Sky微微侧着头,从这个角度看去,更加女性化一些。他微微停顿了那么一下,像是思考从什么地方开始说起似。“建团初期是六个人吧。”
“没错。”
“旅团初次成立的时候大概在八九年,是六个人。也就是说之后还有六人加入,我没见过的共有四个。”他说的是富兰克林、剥落列夫、玛琪和库哔。
“虽然不算是秘密,但我还是觉得惊讶——这就是你所得到情报?”
“因为黑道渠道取得的情报我知道很多。
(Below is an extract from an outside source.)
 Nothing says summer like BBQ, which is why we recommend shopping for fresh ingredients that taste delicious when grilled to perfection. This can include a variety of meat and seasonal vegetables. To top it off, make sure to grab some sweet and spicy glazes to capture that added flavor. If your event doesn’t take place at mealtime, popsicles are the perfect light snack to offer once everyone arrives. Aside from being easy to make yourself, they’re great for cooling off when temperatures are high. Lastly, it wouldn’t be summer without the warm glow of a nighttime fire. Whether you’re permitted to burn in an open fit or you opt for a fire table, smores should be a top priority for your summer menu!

”Sky说,“据我所接触到的团员。飞坦、芬克斯、派克、信长、窝金,夏洛特——除了夏洛特是不久前加入的,其他成员至少入团四年以上。就他们的脾气性格而言,让他们屈服要比杀死他们难得多。”
“团长究竟是用什么方法使得他们臣服的?”
他面前的桌子上空空的,通心粉还没上来,只有一杯白开水在阳光下荡漾着。
“你加入旅团的理由呢?”我没有回答他的问题,而是直接提了一个。
“我?”他叹了口气,想了想,“大概是因为没地方可去吧。”
“大家都是一样的。”我叹了口气说,“我只不过在收留无家可归的流浪儿罢了。”
“……”
“我难道就这么没有王八气?”我说,“不是说领袖人物振臂一呼,就万众响应的么?”
“团长,你的笑话很冷。”
我耸了耸肩,把身体坐直了——那种快要睡着的姿势,怎么看都不会有王八气的。“在你看来,臣服的理由,在普遍意义上是什么?金钱、权力?”我说。
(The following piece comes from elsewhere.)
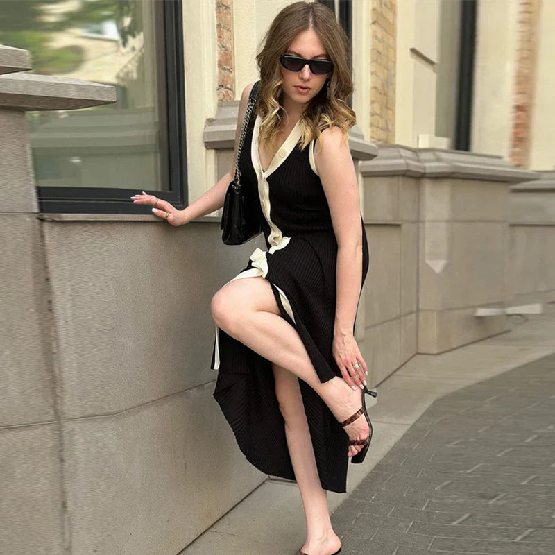 Vielseitiger Stil: Der V-Ausschnitt und die figurbetonte Silhouette verleihen eine feminine Note und betonen den einzigartigen Charme des Kleides.

“是这样的。”Sky说,“每一种行为之后都有利益的趋势。有一句话是这么说的吧?没有永远的朋友,也没有永远的敌人。”
“的确是这样,但是,你忘了一点。”我说,“流星街是比你想象中更病态的地方。它在我们生产出这种念头之前就已经活生生地扼杀了它。”
欲望是怎样产生的?当然是因为不足。